As the economy gets worse due to various factors including defaults on loans and job losses due to the slowed consumer spending, investors seek out safe ways to convert their cash into a medium that will allow for growth in these circumstances. Precious metals, especially gold, are a great way for investors to protect themselves from the overall stock losses seen in this type of climate. When the economy is in flux and current salaries are lowered, investors have no real idea of when it will rebound. They end up buying gold and gold stocks, which in turn, raises the price of this investment vehicle as the demand increases.
The economy is kept in check by the lowering of interest rates to keep borrowing costs down and increase the flow of credit and lending from banks. The Fed dictates these interest rates and they have a strong impact on the economy and the gold prices specifically. When there is a recession, the Fed tends to lower interest rates to spur spending and lending, which increases inflation but also helps with a recovery.
Inflation is an indicator as to how money is flowing and many experts feel that inflation will begin to escalate now that the government is printing money hand over fist. Those who invest in gold have the opinion that as long as the Fed keeps inflation down, the price of gold will continue to rise, making their investments more valuable. But credit ratings agencies are considering changing the rating for government debt as they see the lending rates going up steeply in the next few years.

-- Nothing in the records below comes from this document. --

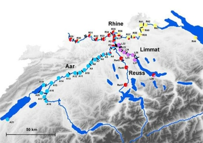 Up until now, the chub has seldom been stocked in Swiss waters, so the genetic population structure has not been distorted, in contrast to that of the trout. “This makes the chub the ideal model for investigating the extent to which fish ladders at river power plants and other barriers promote genetic exchange between separated populations,” said Alexandre Gouskov, chief author of the Eawag study “Fish population genetic structure shaped by hydroelectric power plants in the upper Rhine catchment”, which appeared recently online in the scientific journal Evolutionary Applications.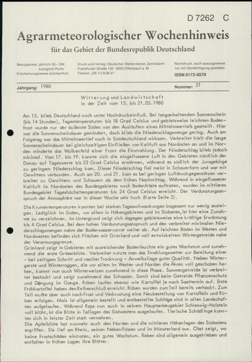 Agrarmeteorologischer Wochenhinweis für das Gebiet der Bundesrepublik Deutschlan...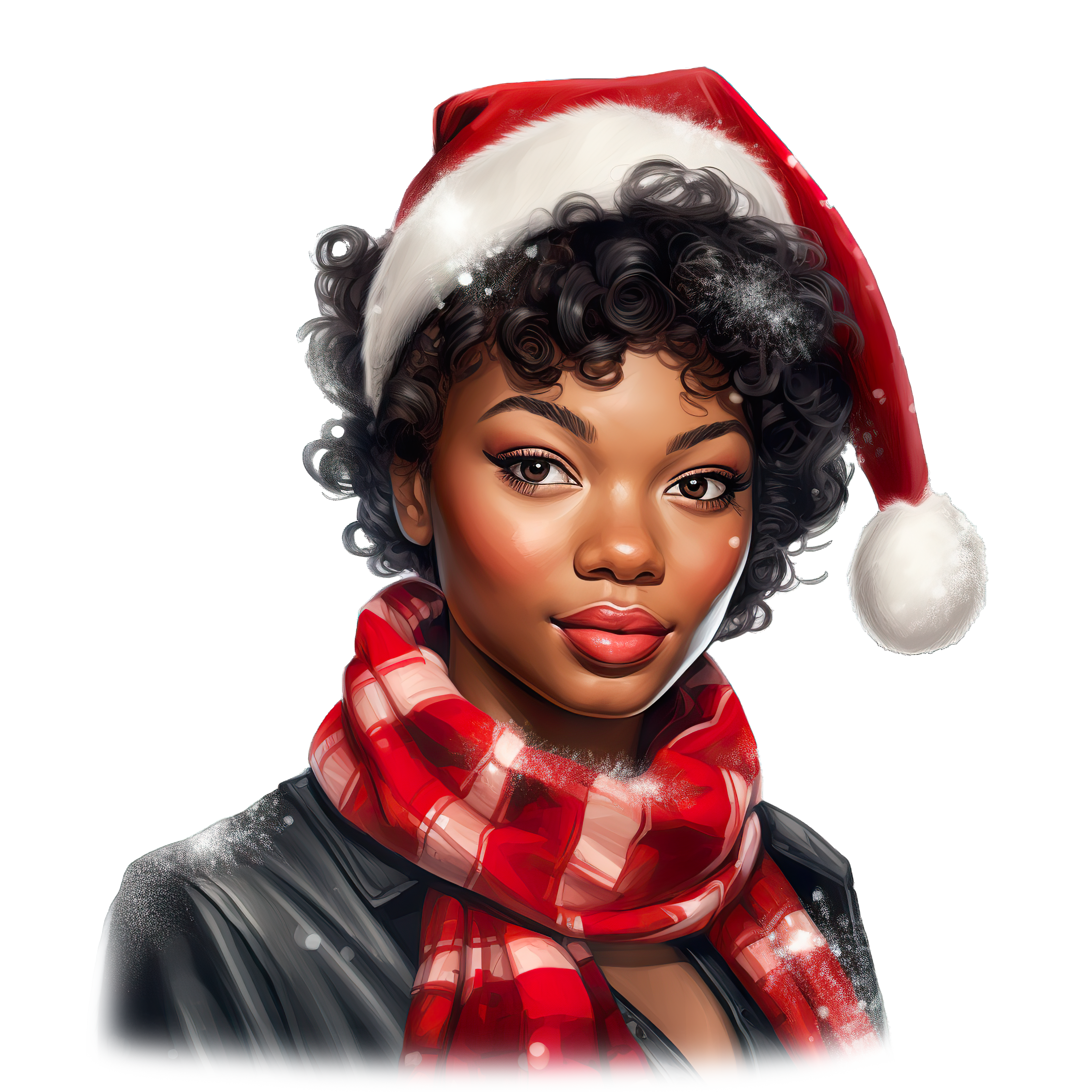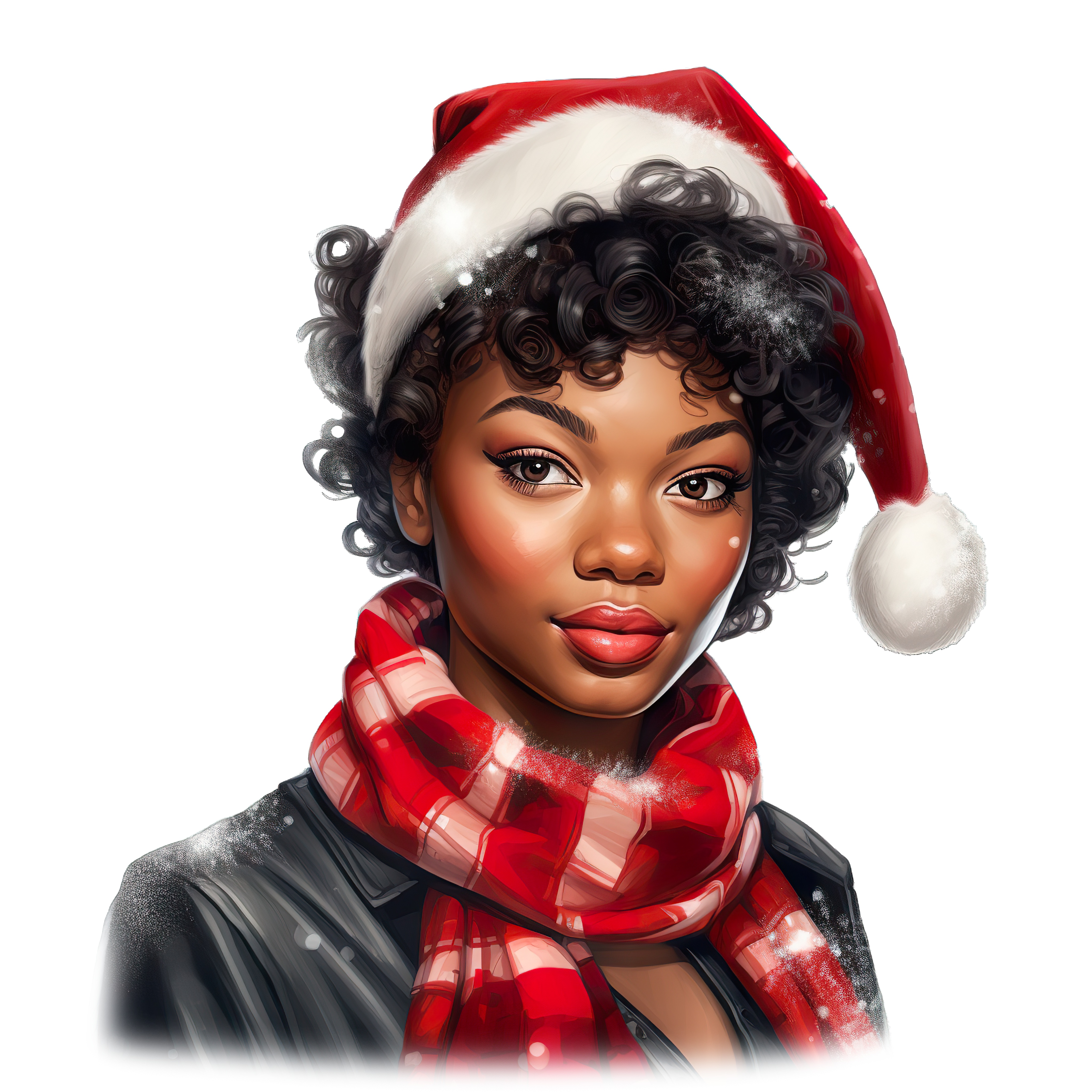 Woman Wearing Santa Hat and Scarf for Christmas Season Woman with Santa hat and red scarf celebrating Christmas in festive attire.Download PNG ▼Download JPG ▼Related posts:Cartoon Leopard Clipart with Spotted Fur and Big EyesWatercolor Orange with Green Leaves on Branch fruit food drink clipart vectorBranch of Blackcurrants with Lush Green LeavesBlackberries with Leaves on a Branch Clipart DesignWhole and Sliced Pears with Seeds in Clipart StyleFresh Fennel Bulb with Vibrant Green StalksChocolate Drizzled Cake Slice with Fresh Berries on TopVibrant Purple And Orange Butterfly IllustrationKoala Wearing a Festive Elf Outfit ClipartOrange Mousse Desserts with Chocolate Drizzle and SlicesRed And Black Butterfly With Detailed X27Cartoon Girl with Big Eyes in Blue Dress

This raise in lending rates will lower inflation as they rise and fall inversely. Inflation is the amount of the rise or fall in consumer prices of goods and services and when it rises, can indicate some recovery. Raising interest rates would quickly squash any out of control inflation as it happens. As soon as the economy recovers, the price of gold will start to go down as investors will start to move from the safe-haven that gold represents to more risky investments such as stocks to increase the value of their portfolios.